**About this task**: Retype the lines below exactly, but only those from the line that has "Корпус A представляет" through the line that has "Elly found that". Omit every picture.

**Provided information**:
+-------+

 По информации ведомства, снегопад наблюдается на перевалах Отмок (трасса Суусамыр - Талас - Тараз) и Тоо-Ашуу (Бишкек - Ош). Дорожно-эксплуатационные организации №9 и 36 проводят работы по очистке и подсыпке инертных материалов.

+-------+

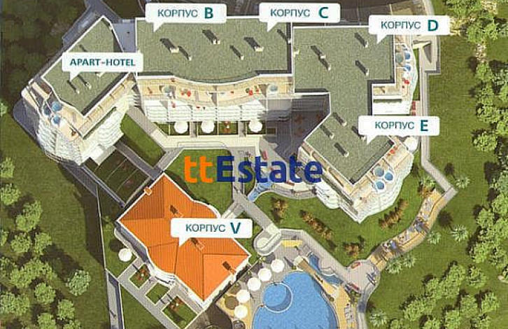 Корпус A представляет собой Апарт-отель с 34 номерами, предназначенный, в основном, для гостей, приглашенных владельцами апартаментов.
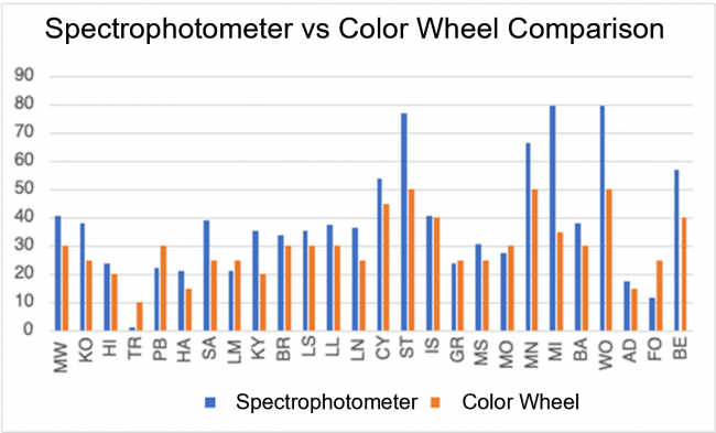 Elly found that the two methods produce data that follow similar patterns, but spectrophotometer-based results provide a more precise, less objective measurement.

+-------+

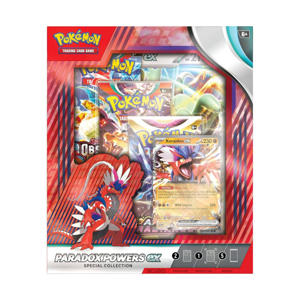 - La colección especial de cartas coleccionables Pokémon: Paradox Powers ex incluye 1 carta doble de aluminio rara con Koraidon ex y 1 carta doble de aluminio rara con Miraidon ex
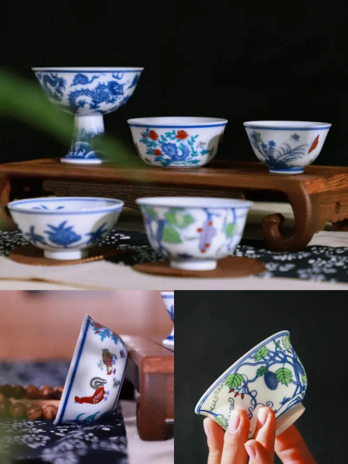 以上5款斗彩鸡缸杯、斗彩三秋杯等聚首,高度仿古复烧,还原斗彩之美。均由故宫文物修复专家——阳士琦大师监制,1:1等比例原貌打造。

+-------+

**Finished exercise**:
 Корпус A представляет собой Апарт-отель с 34 номерами, предназначенный, в основном, для гостей, приглашенных владельцами апартаментов.
 Elly found that the two methods produce data that follow similar patterns, but spectrophotometer-based results provide a more precise, less objective measurement.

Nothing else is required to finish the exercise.